[WHAT YOU SHOULD DO] Reproduced exactly, the lines from the start of the material through the line containing "K14WG イエローゴールド ネックレス" should be the whole answer, with pictures excluded.

[LISTED RECORDS]
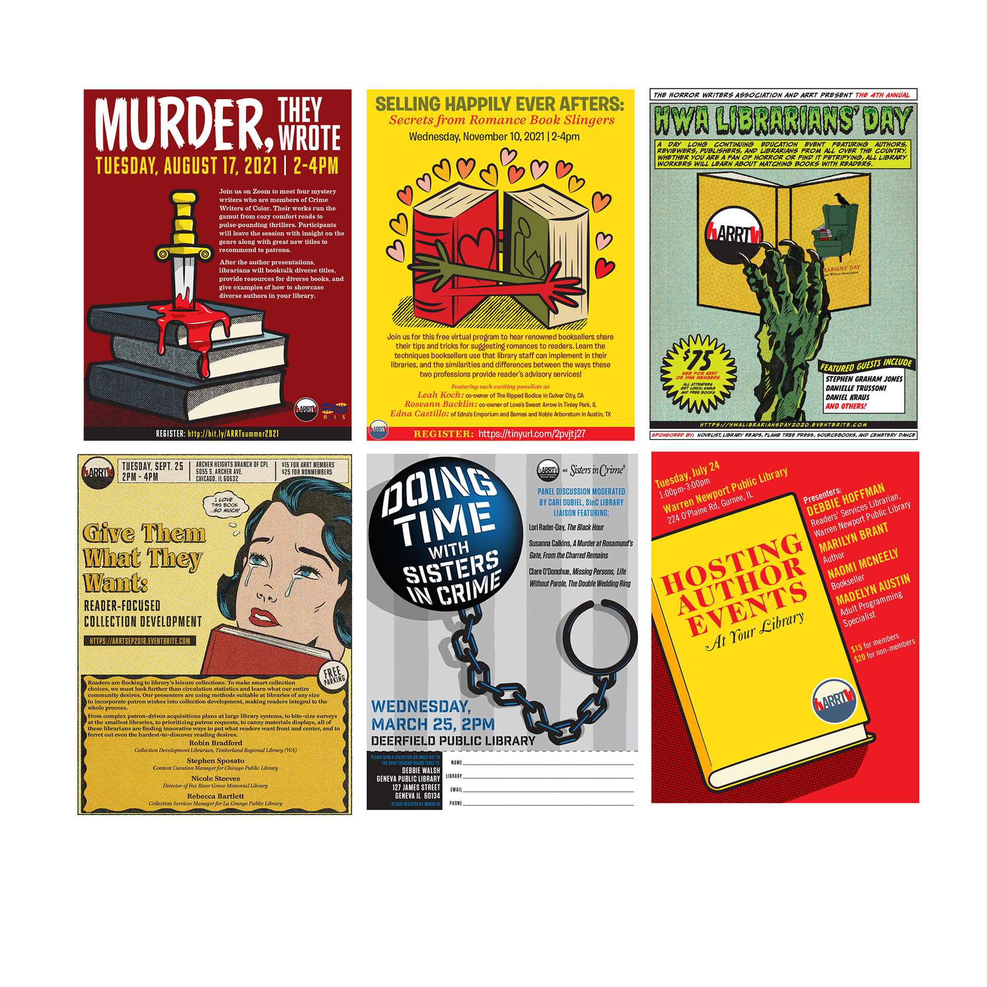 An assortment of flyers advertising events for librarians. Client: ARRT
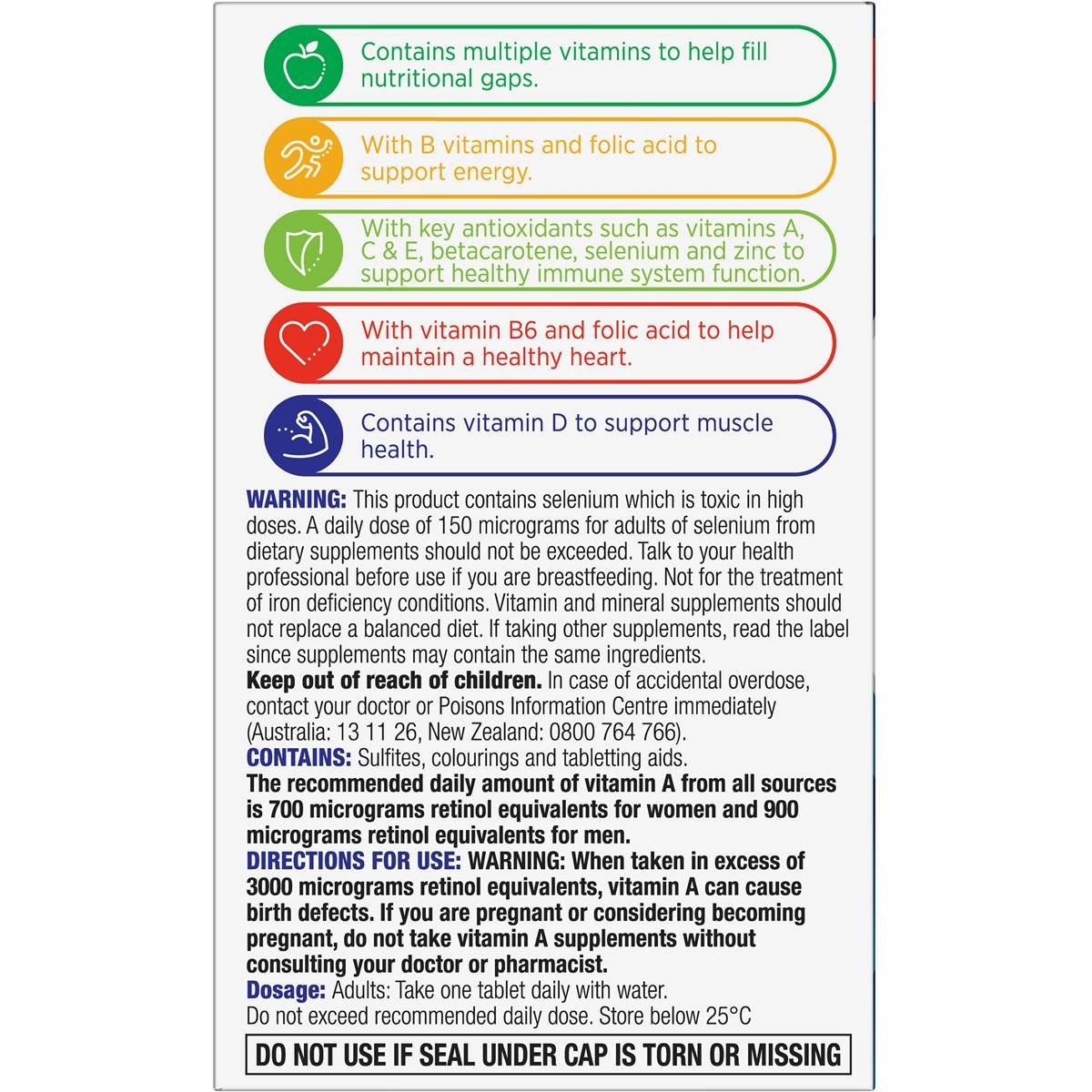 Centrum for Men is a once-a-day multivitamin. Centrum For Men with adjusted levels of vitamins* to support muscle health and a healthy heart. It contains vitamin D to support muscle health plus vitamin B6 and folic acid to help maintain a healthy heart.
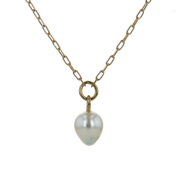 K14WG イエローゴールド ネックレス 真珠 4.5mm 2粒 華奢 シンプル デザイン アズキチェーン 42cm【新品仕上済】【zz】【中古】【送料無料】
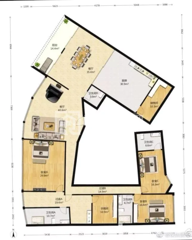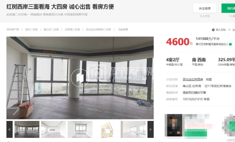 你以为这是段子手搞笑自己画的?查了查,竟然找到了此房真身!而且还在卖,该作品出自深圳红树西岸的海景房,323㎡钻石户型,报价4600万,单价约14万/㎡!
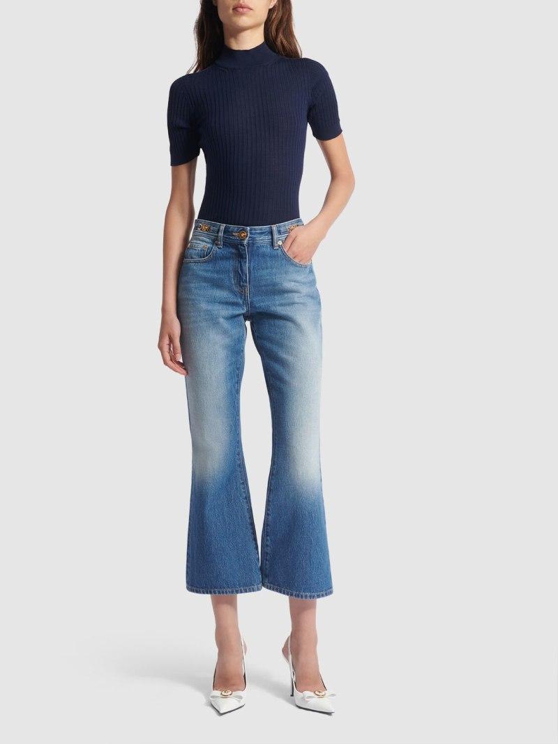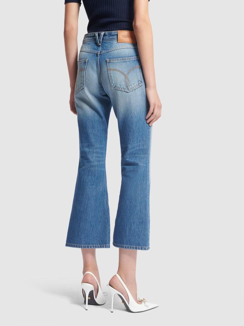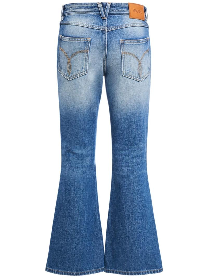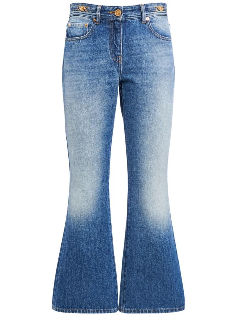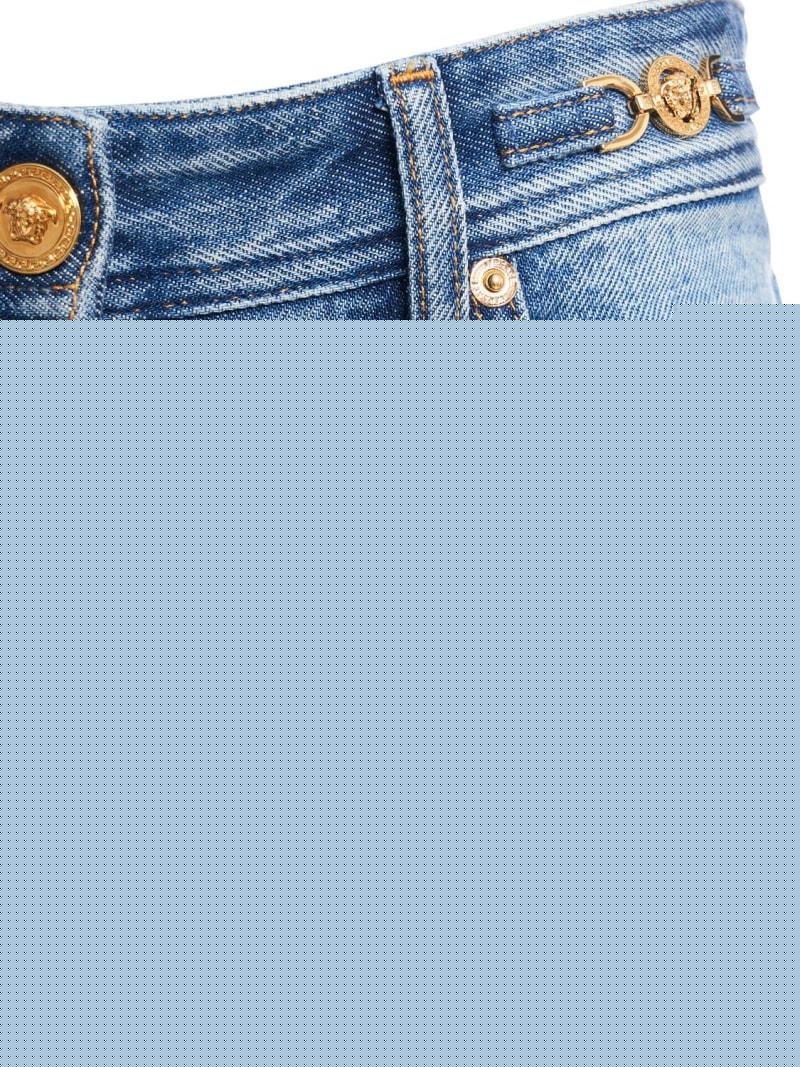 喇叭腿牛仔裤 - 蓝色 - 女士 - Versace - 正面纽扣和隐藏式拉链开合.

[RESPONSE TO THE TASK]
 An assortment of flyers advertising events for librarians. Client: ARRT
 Centrum for Men is a once-a-day multivitamin. Centrum For Men with adjusted levels of vitamins* to support muscle health and a healthy heart. It contains vitamin D to support muscle health plus vitamin B6 and folic acid to help maintain a healthy heart.
 K14WG イエローゴールド ネックレス 真珠 4.5mm 2粒 華奢 シンプル デザイン アズキチェーン 42cm【新品仕上済】【zz】【中古】【送料無料】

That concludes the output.